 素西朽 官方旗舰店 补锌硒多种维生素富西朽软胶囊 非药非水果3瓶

--

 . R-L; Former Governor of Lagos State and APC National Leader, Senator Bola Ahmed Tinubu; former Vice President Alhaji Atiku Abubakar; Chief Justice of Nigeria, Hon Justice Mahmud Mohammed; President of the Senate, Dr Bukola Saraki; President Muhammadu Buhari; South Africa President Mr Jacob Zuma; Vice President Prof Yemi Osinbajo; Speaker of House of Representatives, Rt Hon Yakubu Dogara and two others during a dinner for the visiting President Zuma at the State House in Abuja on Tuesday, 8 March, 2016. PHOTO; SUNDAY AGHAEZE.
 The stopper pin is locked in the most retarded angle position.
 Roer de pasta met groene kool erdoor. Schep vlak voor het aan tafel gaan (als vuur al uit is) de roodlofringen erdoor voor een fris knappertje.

* * *

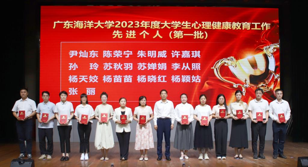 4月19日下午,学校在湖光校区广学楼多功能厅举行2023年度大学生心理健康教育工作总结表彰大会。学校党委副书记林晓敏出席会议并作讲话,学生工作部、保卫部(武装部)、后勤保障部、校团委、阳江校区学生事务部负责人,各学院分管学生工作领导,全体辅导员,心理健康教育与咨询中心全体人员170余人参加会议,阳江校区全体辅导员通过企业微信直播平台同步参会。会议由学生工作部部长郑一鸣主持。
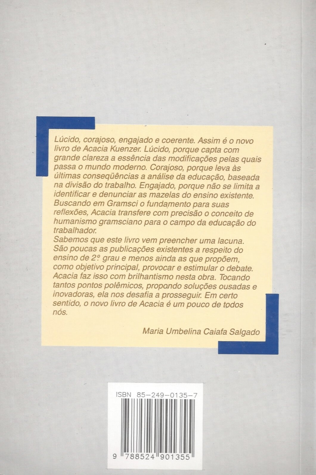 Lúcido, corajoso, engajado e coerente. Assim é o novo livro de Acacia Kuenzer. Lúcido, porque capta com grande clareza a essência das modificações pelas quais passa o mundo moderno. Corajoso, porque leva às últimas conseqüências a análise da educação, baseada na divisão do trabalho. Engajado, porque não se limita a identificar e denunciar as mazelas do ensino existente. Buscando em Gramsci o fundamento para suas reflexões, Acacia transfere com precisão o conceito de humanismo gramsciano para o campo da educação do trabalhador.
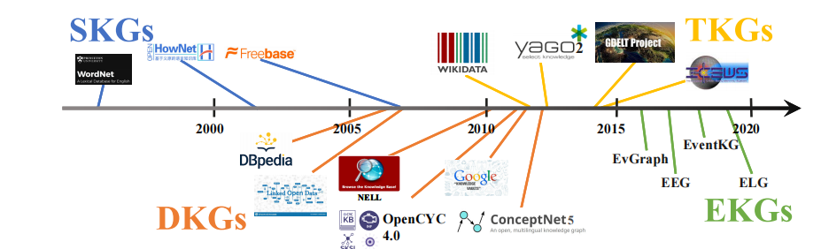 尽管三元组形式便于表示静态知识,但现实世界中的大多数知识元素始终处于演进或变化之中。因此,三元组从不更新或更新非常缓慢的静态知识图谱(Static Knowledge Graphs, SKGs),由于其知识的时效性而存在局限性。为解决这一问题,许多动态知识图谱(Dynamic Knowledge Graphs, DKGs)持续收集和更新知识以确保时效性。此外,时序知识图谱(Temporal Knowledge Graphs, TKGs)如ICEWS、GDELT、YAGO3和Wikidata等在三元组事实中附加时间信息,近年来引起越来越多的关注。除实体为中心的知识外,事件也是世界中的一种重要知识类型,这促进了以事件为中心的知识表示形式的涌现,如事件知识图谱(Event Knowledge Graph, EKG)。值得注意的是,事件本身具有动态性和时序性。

* [Task prompt] Quote the data above from the line containing "The stopper pin" to the line containing "Roer de pasta", inclusive, and stop.

* [Result for this task]
 The stopper pin is locked in the most retarded angle position.
 Roer de pasta met groene kool erdoor. Schep vlak voor het aan tafel gaan (als vuur al uit is) de roodlofringen erdoor voor een fris knappertje.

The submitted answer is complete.